- Born: 30 December 1857 London, England
- Died: 23 March 1923 (aged 65) London, England
- Education: Académie Julian, Paris
- Known for: Painter
- Movement: Orientalist; Victorian painting
- Spouse(s): Henrietta Rae painter and writer (1859–1928)

= Ernest Normand =

English painter (1857–1923)

Ernest Normand (1857-1923) was an English painter noted for his historical and Biblical scenes as well as Orientalist works.

== Life and career==
Ernest Normand was born in London on 30 December 1857. He painted history and orientalist paintings, and also undertook portraits.

In 1884 he married the painter and writer, Henrietta Rae (1859-1928).
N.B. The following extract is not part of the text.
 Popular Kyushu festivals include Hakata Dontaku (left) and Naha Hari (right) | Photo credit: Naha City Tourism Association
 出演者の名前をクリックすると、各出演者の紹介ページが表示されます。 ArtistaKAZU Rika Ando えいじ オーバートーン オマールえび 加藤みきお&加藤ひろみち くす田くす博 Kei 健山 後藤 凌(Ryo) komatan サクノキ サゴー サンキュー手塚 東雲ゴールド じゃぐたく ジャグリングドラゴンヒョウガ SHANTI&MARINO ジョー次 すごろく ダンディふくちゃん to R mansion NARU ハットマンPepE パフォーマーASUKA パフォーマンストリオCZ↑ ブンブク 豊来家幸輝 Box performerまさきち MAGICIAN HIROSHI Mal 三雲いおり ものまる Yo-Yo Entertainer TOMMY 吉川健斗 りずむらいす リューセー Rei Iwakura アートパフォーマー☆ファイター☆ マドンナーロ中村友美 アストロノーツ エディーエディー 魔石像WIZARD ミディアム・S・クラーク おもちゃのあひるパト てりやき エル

They both painted nude figures in lush settings, and were criticized for an apparent tendency toward an excess of sensuality in some of their paintings.

The Normands were based in London from 1885, where Ernest had his studio and received support from the circle around Lord Leighton. They lived in Holland Park, an area known as the residence of many other artists of the day. Frequent visitors to their home included Leighton, Millais, Prinsep, and Watts. These more senior artists adopted the Normands, but their criticism was not always welcome. In her memoirs, Henrietta described the overbearing attitudes and conduct of some of the more senior artists.
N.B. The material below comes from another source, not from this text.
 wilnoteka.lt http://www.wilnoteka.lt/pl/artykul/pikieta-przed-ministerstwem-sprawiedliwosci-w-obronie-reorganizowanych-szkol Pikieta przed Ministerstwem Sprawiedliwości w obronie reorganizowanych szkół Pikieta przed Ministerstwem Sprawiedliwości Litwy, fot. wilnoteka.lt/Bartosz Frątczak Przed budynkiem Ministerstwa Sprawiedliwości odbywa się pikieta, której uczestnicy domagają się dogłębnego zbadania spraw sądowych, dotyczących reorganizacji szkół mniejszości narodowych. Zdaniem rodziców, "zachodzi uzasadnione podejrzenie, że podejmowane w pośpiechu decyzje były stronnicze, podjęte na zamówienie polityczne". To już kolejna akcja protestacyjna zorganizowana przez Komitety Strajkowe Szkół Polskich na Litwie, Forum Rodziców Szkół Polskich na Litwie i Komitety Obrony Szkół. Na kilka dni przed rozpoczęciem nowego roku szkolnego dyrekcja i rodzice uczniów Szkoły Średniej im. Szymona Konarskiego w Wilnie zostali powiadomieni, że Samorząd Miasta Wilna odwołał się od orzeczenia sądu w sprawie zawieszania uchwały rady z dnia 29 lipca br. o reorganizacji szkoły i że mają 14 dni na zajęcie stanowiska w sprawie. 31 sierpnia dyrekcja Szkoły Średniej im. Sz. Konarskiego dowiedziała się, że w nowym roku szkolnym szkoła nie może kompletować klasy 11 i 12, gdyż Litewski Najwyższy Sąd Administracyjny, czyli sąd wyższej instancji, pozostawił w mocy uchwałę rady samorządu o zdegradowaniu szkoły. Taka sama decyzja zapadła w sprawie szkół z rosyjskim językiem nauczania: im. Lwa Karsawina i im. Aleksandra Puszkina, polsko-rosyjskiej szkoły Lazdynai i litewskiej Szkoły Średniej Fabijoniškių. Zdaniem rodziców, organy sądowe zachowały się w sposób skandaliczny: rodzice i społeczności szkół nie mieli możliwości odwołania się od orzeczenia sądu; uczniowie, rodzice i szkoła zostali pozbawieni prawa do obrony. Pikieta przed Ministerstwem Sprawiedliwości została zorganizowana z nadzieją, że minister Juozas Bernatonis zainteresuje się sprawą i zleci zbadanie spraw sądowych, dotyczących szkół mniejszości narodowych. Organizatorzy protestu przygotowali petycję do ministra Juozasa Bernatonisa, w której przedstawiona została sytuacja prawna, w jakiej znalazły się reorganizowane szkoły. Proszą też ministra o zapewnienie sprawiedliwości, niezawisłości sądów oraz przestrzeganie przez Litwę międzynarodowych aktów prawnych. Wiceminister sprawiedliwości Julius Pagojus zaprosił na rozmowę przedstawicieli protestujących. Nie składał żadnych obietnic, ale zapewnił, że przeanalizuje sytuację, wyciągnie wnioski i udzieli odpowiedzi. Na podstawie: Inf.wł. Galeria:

In 1890, the Normands travelled to Paris to study at the Académie Julian with Jules Joseph Lefebvre and Jean-Joseph Benjamin-Constant. In 1893, the Normands moved to Upper Norwood, into a studio that was custom-built for them by Normand's father. The couple had two children, a son (born in 1886) and a daughter (born in 1893).

Normand's cremated remains were buried in a small vault beneath one of two stelea outside the Normand mausoleum in Brookwood Cemetery, Surrey .

==Work ==
He painted history and orientalist paintings, and also undertook portraits. His work was influenced by the Pre-Raphaelites. Normand painted the "King John Granting the Magna Carta" fresco at the Royal Exchange in London (painted 1900, restored 2001).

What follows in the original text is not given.